Show me the law that says you're allowed to raise your left arm over your head. Or the law that permits you to eat potato chips. I bet you won't be able to. And the reason for that is the law doesn't need to state everything that you're allowed to do, it simply wouldn't be practical. It's fairly evident how the law has been interpreted by the ATO:


> *Example 1: GST calculated on full fare*
> 
> If you are registered or required to be registered, GST must be calculated on the full fare, not the net amount you receive after deducting any fees or commissions.
> 
> For example, if a passenger pays $55 and the facilitator pays you $44 (after deducting an $11 commission) the GST payable is $5 (not $4).


----------



## BabyBoomer (Feb 28, 2017)

Jack Malarkey said:


> You are right: there is nothing in the tax law that says you can charge commission on the GST component. I can't rule out that a court would fund that the tax law prevents this but this would be a surprising result (at least to me).
> 
> I apologise if I have come across as condescending: it was not my intention.
> 
> ...


I appreciate your last post Jack, thank you.



UberDriverAU said:


> Show me the law that says you're allowed to raise your left arm over your head. Or the law that permits you to eat potato chips. I bet you won't be able to. And the reason for that is the law doesn't need to state everything that you're allowed to do, it simply wouldn't be practical. It's fairly evident how the law has been interpreted by the ATO:


No offence, but your potato chips example lacks relevance or credibility Uber DriverAU. The law does specifically protect the right for people to behave lawfully, and it also protects against unlawful behaviour such as stealing (which is what I believe charging a comission on GST is) or larceny as used in the following example:










But the second part of your post is the really important part:










This example from the tax office appears (at first glance) to support a "facilitator" (ie Uber) charging a comission on the GST component of a fare -but in faact it *actually does not support this*.

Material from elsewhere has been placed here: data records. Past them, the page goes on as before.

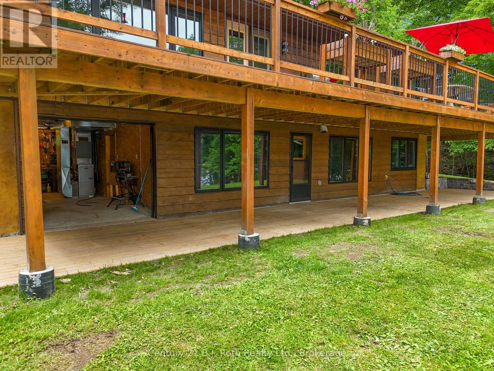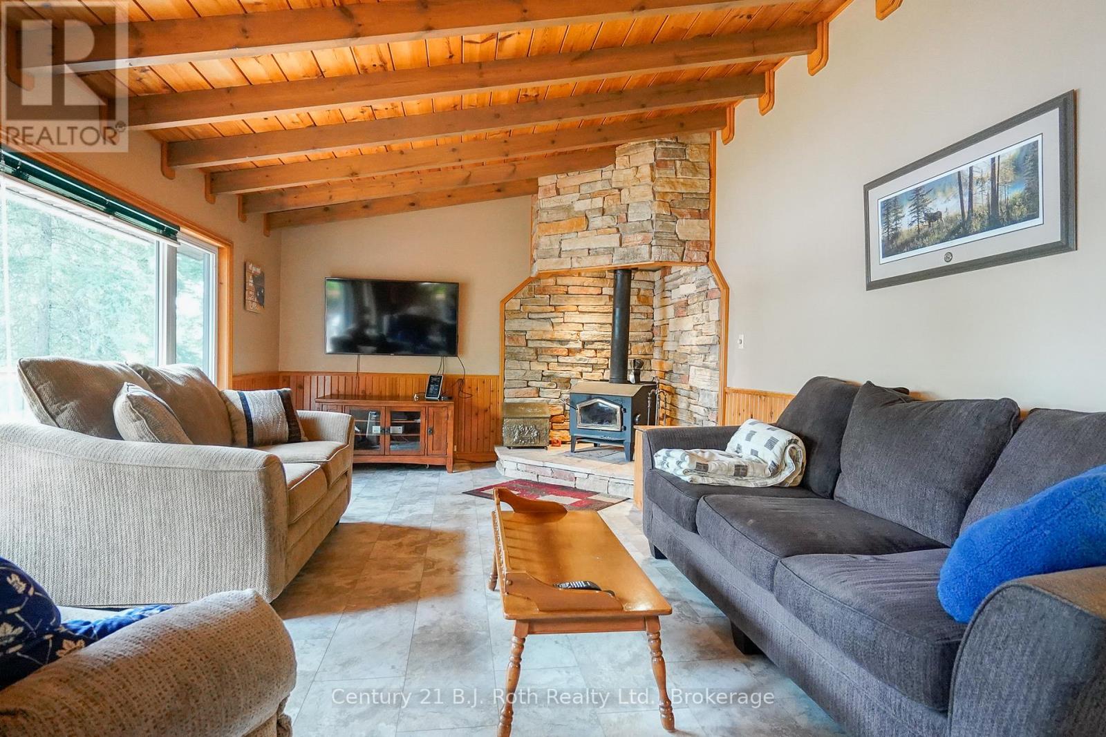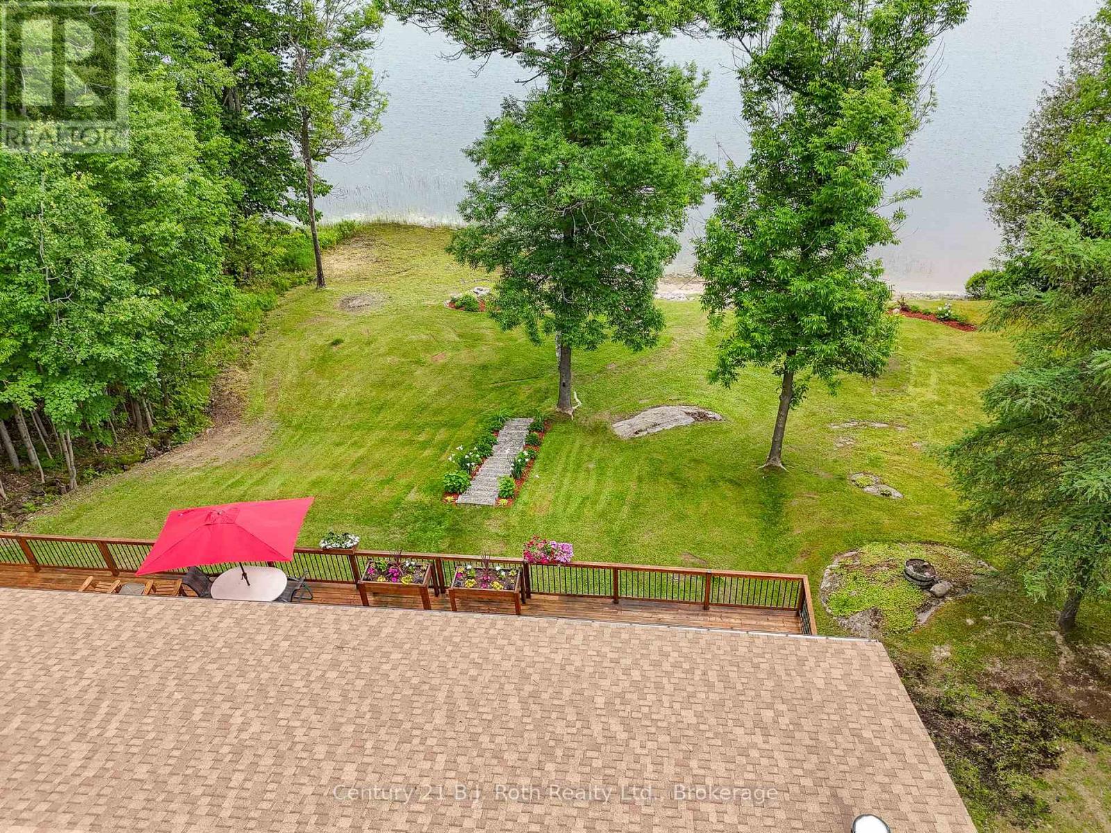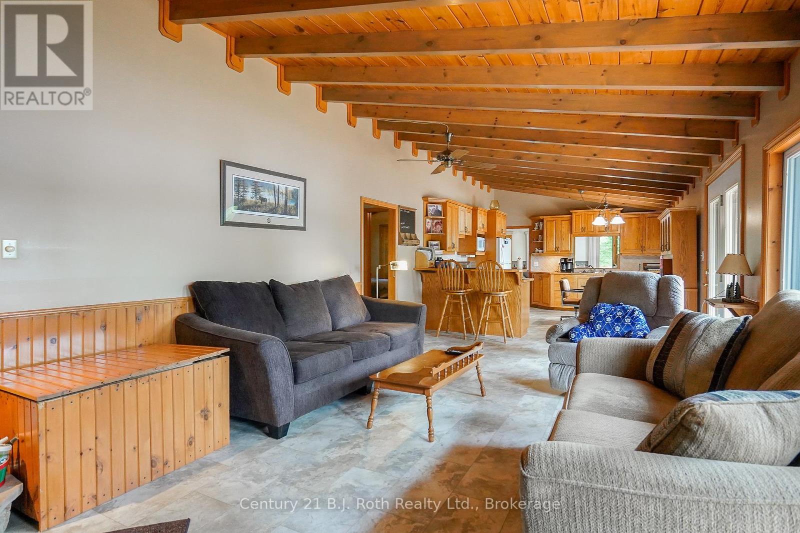 Welcome to this beautifully maintained year-round waterfront home on Restoule Lake, cherished by the same family for decades. Situated on over an acre of landscaped grounds, the property features mature trees, stunning rock outcroppings, a manicured lawn, and a gentle slope to approximately 200 ft of shoreline on the highly sought-after 14 km long Restoule Lake. Offering approximately 2,300 sq ft of finished living space, this home includes 4 bedrooms and 2 bathrooms. The main floor features a bright open-concept layout designed to capture lake views, with an eat-in kitchen, dining room (or office) with walkout, and a living room with walkout to the full-length elevated deck-perfect for entertaining or relaxing while enjoying the waterfront scenery. A woodstove adds warmth and charm for cozy winter evenings. Two bedrooms (one with walk-in closet), a 3-piece bath, and ample storage complete the main level. The finished walkout lower level offers a spacious family room, laundry area, office nook, two additional bedrooms, and a second 3-piece bathroom. A workshop/utility room with overhead door provides easy access for storage and recreational equipment. Additional features include a detached 32'3" x 24'3" insulated and heated garage/shop with 60-amp panel and a finished loft above with new flooring, ideal for guests or studio space. The home is serviced by 200-amp electrical, forced-air propane furnace (new 2026), central air, central vacuum, septic system, and lake water with UV system. Updated flooring and eavestroughs with gutter guards. High-speed internet and Bell Satellite available. Restoule Lake offers excellent swimming, boating, and fishing including Pike, Bass, Pickerel, Lake Trout, and world-class Muskie. Close to ATV and OFSC trails, Restoule Provincial Park, and acres of Crown land. Located on a quiet private road ($200/year maintenance) with friendly neighbours. Quick closing available. Excellent short-term rental opportunity. (id:64974)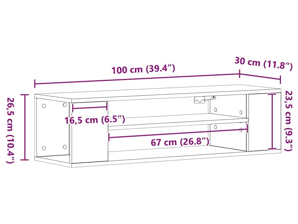 - Celkové rozměry: 100 x 30 x 26,5 cm (D x Š x V)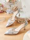 CUCCOO HITCHD 新款春夏奢华水晶水钻镶嵌高跟凉鞋,桃色和裸色,缎面面料,细高跟,女士新年假期派对/婚礼高跟鞋
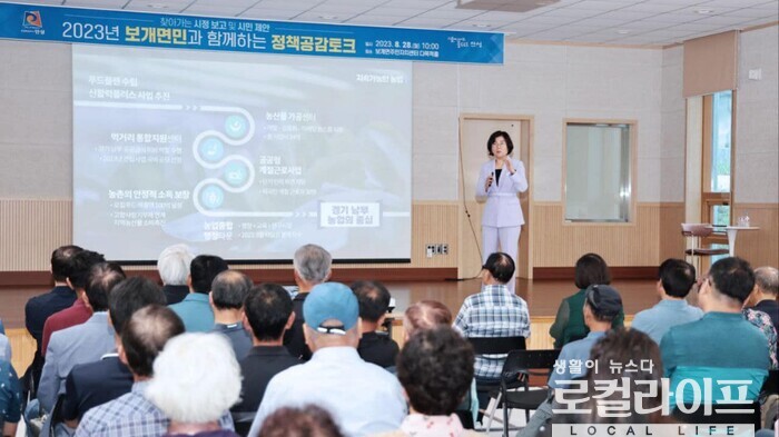 | ▲ 김보라 안성시장이 ‘보개면 정책공감 토크’에서 지역 발전 방안에 대해 설명하고 있다. (사진출처=김보라 페이스북) |
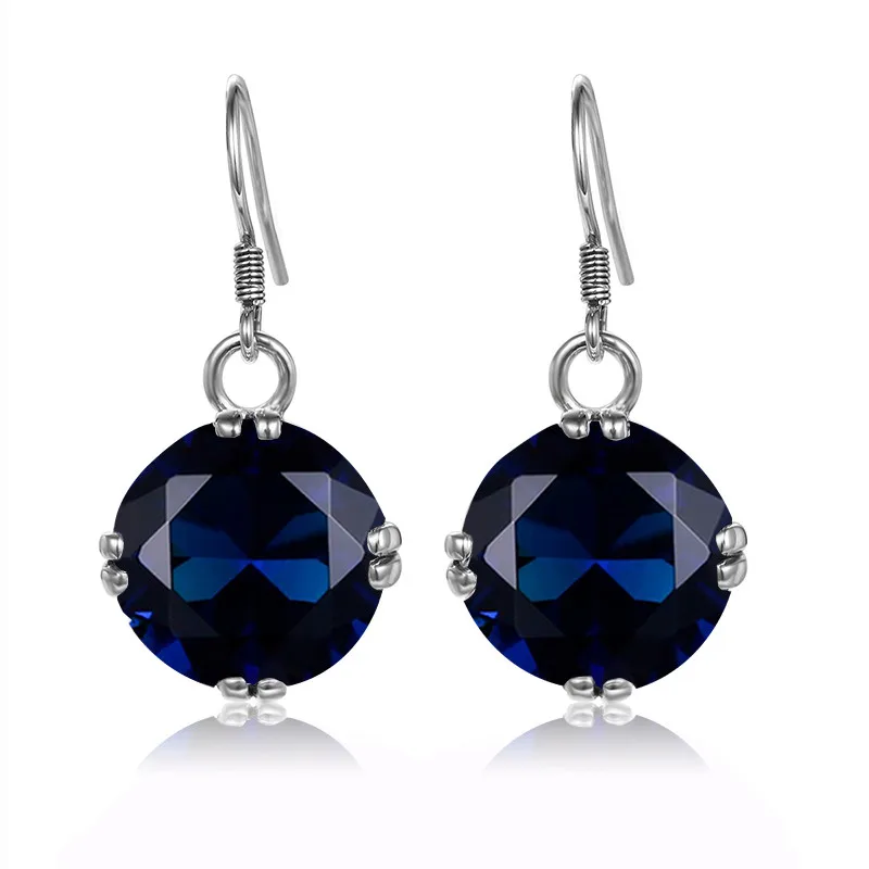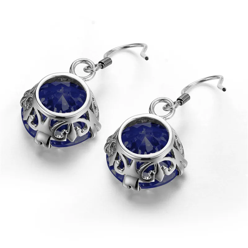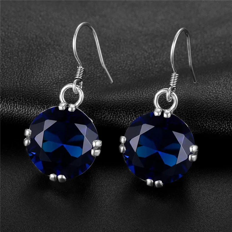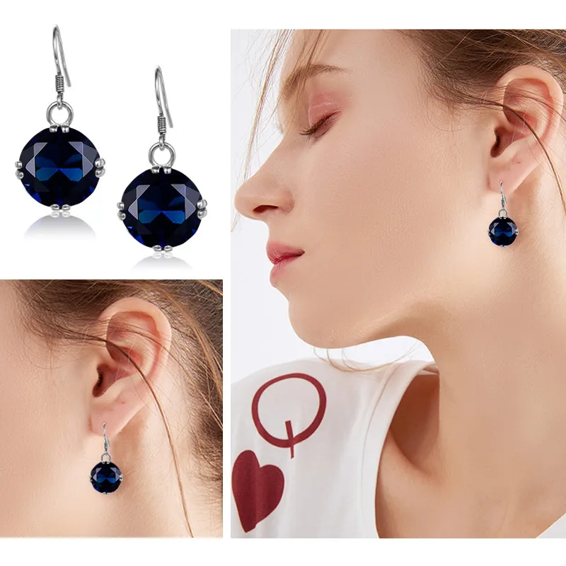 victoria’s vogue Blue Silver Earrings 925 Round Gemstone Vintage Earring Fine Jewellry Original Crystal Women Pendientes

Let me explain: In this example, the tax office is simply saying that GST must be calculated on the full fare -of that I do not disagree.

What the example DOES NOT SAY is that the comission is being charged evenly on the total fare *including GST*. It may impliy that, but it doesn't state it -and in fact it doesn't speculate how the commission is calculated (in their example, the total commission may only be being charged on the full passenger fare of $50 and exclude the GST, with no commission charged on the GST paid). I intend to ask the ATO to clarify what they are suggesting in their example, because if they are suggesting that commission is able to be charged on the GST component, then they should state this clearly (and I contend that this will mean they are complicit in the theft of funds collected for the purpost of GST taxation), and if they are not suggesting this, then their example is misleading and should be corrected.

However, Uber is charging a commission on the GST component because it states that the 25% (20% for the older partners) commission is charged on the *total fare collected* (which includes GST).

*BINGO! *

Therein lies the difference!

Uber could fix this by changing the amount they charge to 28.5% instead of 25% (and wear the community opprobrium). But until they do, I content that they are stealing GST tax and should therefore be liable to repay it.

Thanks for bringing the example to my attention, it has allowed me to focus more clearly on this GST discrepancy (theft). 

I confess I get annoyed when threads have an inferrence that an alternative viewpoint cannot possibly be correct, but it is not my intention to make this a personal dispute Uber DriverAU. 

Let's focus on what is right not who is right.

Cheers,

BB


----------



## UberDriverAU (Nov 4, 2015)

BabyBoomer said:


> No offence, but your potato chips example lacks relevance or credibility Uber DriverAU. The law does specifically protect the right for people to behave lawfully, and it also protects against unlawful behaviour such as stealing (which is what I believe charging a comission on GST is) or larceny as used in the following example:


My deliberately silly examples highlights that you don't need explicit permission by the law to do everything. The law also expects that generally contracts will be honoured, and your contract with Uber explicitly states that Uber will take a percentage of what the rider has paid. It's not stealing when you have agreed to it. Go get some legal advice on that point if you need to.


BabyBoomer said:


> I confess I get annoyed when threads have an inferrence that an alternative viewpoint cannot possibly be correct, but it is not my intention to make this a personal dispute Uber DriverAU.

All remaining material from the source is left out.